Book Report- Eldritch Chrome

Eldritch Chrome- Review by Keeper Murph

Eldritch Chrome is another wonderful anthology of mythos weird fiction from editor Brian Sammons, this time paired with Glynn Owen Barrass. I’ve read most of Mr. Sammons’ anthologies, maybe all of them now, and I have come to expect nothing less than perfection from him. This book is no different. The stories presented are all on target with the premise of presenting a future Lovecraftian horror.

The stories themselves are each wonderful stories and as I go through each below, I might seem like I am being somewhat insincere to other people who might read this review and are looking to possibly purchase the book by saying everything is great. This is unintentional. The stories are all really good. If there did happen to be a single story in here that felt out of place, detracted from the whole, or dare I say it was bad in general, I would have said so.

So, long story short, if you are a fan of the mythos and noir or sci-fi you must get this book. My hat goes off to co-editors Mr. Sammons and Mr. Barrass in presenting another excellent anthology.

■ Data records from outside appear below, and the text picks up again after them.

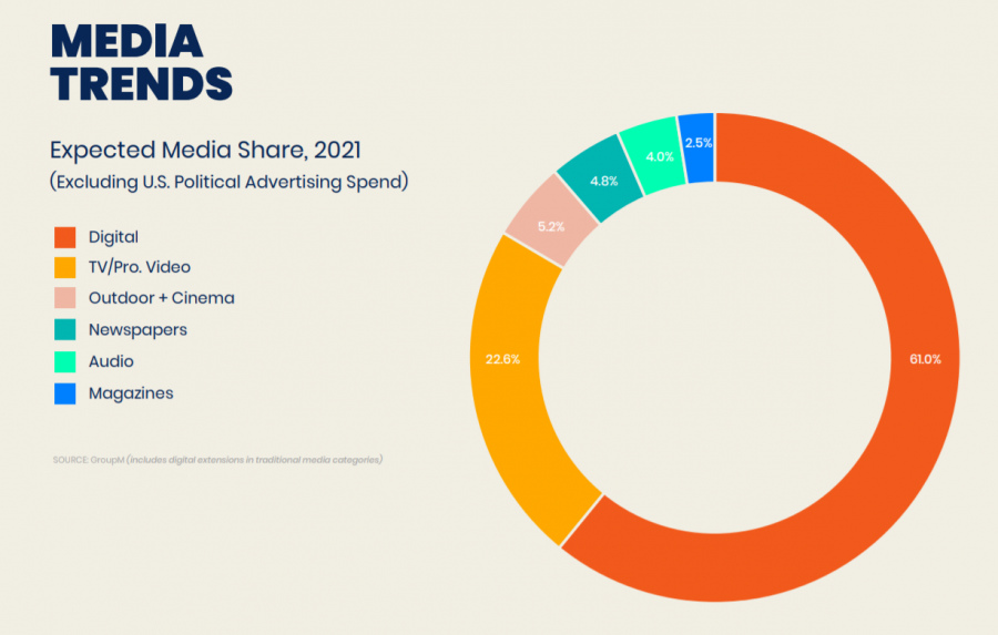 Доля диджитал-рекламы в медиамикесе в 2021 году может составить 61% глобально. Она удвоилась с 2015 года, когда составляла только 30,6%. В GroupM считают, что к 2024 году доля диджитал-рекламы в мировом масштабе вырастет до 66%.
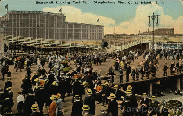 Front: Boardwalk Looking East From Steeplechase Pier, Coney Island, N. Y. GEORGE C TILYOU'S 21360 TEEPLECHASE PARK ***** ook wood ser er spe 201 HILM 4 Back: Pub. by Manhattan Post Card Co., New York City. MADEMUSA STAMP HERE
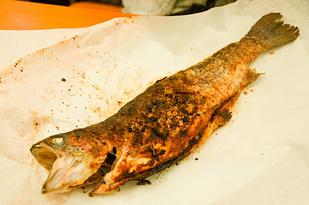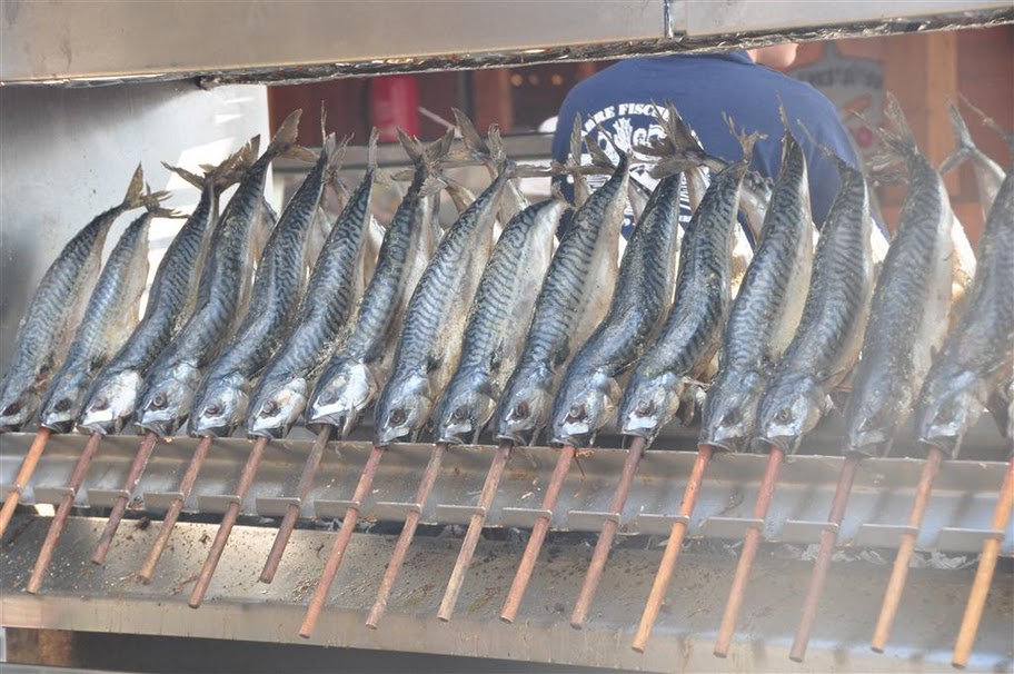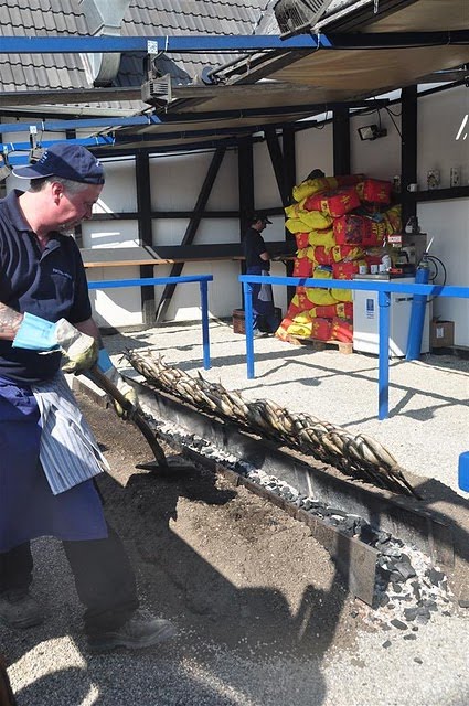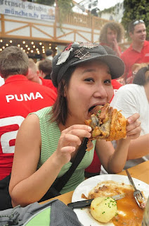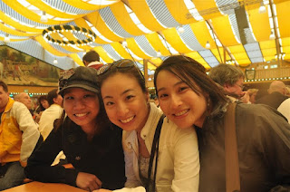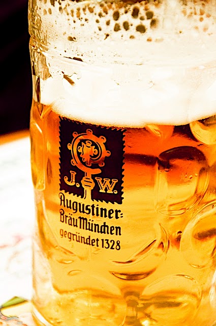 My favourite beer hall has to be the Augustiner beer tent. We found this hall with our noses - it was the heavenly smell of smoked fish. Mmm. These salt seasoned fishes (called Lachsforelle) were stretched on a stick and laid over hot coals. We found seats in the hall and ordered our beers and fish. The fish was beautifully seasoned and cooked just right - it was the best fish I've ever had in a very long time. This coupled with the refreshingly light Augustiner beer was the best combination ever!

“Obsolete, Absolute” by Robert M. Price

From one of the penultimate names in Lovecraftian circles comes this story set in a post-apocalyptic Earth after billions of the population was wiped out by an unknown virus. I won’t ruin anymore, but this is a good story to open the anthology, the tone of the story is very reminiscent of Lovecraft and thus Dr. Price’s many other weird tales. The tone does feel a bit out of place with the other stories in the book, but not so much as to detract from the whole. And don’t get me wrong this is a fantastic story.


“The Place that Cannot Be” by D.L. Snell

This story centers around a man and his cheating wife. Needless to say, there are quite a bit more to this story, but I am trying very hard not to ruin them for you. Let’s just say that things get fishy. Mr. Snell provides a very enjoyable story told from dual viewpoints, with a twist, which is a very interesting device that would not really work outside of weird fiction and sci-fi.


“The Battle of Arkham” by Peter Rawlik

I will admit that I had been pretty excited about this story from the get go. I read Mr. Rawlik’s Reanimators, and loved it. I also got to meet with him briefly at Necronomicon in August of 2013, he is a really great guy. All that aside this is a solid story set during a war with humans, deep ones and mi-gos working together to combat some of the more horrific beasts from the Lovecraftian mythos. The drama here is tense and Mr. Rawlik’s ability to write combat is without fault. This is a great action-packed story of what being human really is and the sacrifice that is made on a regular basis by members of the armed forces, even in this setting. It just works, and it makes for a great story.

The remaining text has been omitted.